As for the oil supply, in November, global oil supplies held steady at 101.36 million b/d, down 1.2 million b/d year-on-year, according to the IEA estimates.
At the same time, the agency predicts that the fall in production volume versus today will be about 0.5 mb/d if OPEC+ sticks to its newly-agreed deeper cuts.
“On 6 December, countries participating in the OPEC+ agreement took a step to address this imbalance by deepening their cuts from 1.2 mb/d to 1.7 mb/d. Saudi Arabia once again showed its willingness to shoulder a greater burden by volunteering an additional reduction of 0.4 mb/d to take the total cut to 2.1 mb/d, effective 1 January.

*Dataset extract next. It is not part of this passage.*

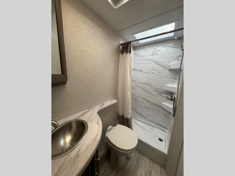 It won't be hard to find comfort in this coach for five! You can freshen up in the rear corner full bath once you've set up camp, then make lunch on the two burner gas cooktop or convection microwave with an air fryer. There is also a 12V refrigerator for cold items and a flip-up countertop for more space. Whether you dine at the Dream Dinette or take your plate outdoors under the 15' power awning, you're sure to have a great time in this motorhome. There is a semi-private bedroom with a 60" x 74" RV queen bed slide and bedroom TV prep if you want the option to watch movies in bed. And your guests can take the Dream Dinette and cab-over bunk at night!

The voluntary cut by the Saudis has already been partially delivered but the overall effectiveness of the OPEC+ agreement depends on the willingness of all its parties to fully comply, including those whose compliance so far has been less rigorous. This revised deal excludes from the production ceiling 1.5 mb/d of condensate output by non-OPEC producers. Russia, in particular, now has 0.8 mb/d of supply that can legitimately be increased,” said the report.
If all the countries comply with their new allocations and Saudi Arabia delivers the rest of its voluntary cut of 0.4 mb/d, the fall in production volume versus today will be about 0.5 mb/d, according to the IEA.
“In this report we have reduced our forecast for non-OPEC production growth next year from 2.3 mb/d to 2.1 mb/d to take account of lower output from participants in the OPEC+ deal and a weaker growth outlook for Brazil, Ghana and the United States. Even so, with our demand outlook unchanged, there could still be a surplus of 0.7 mb/d in the market in 1Q20,” said the report.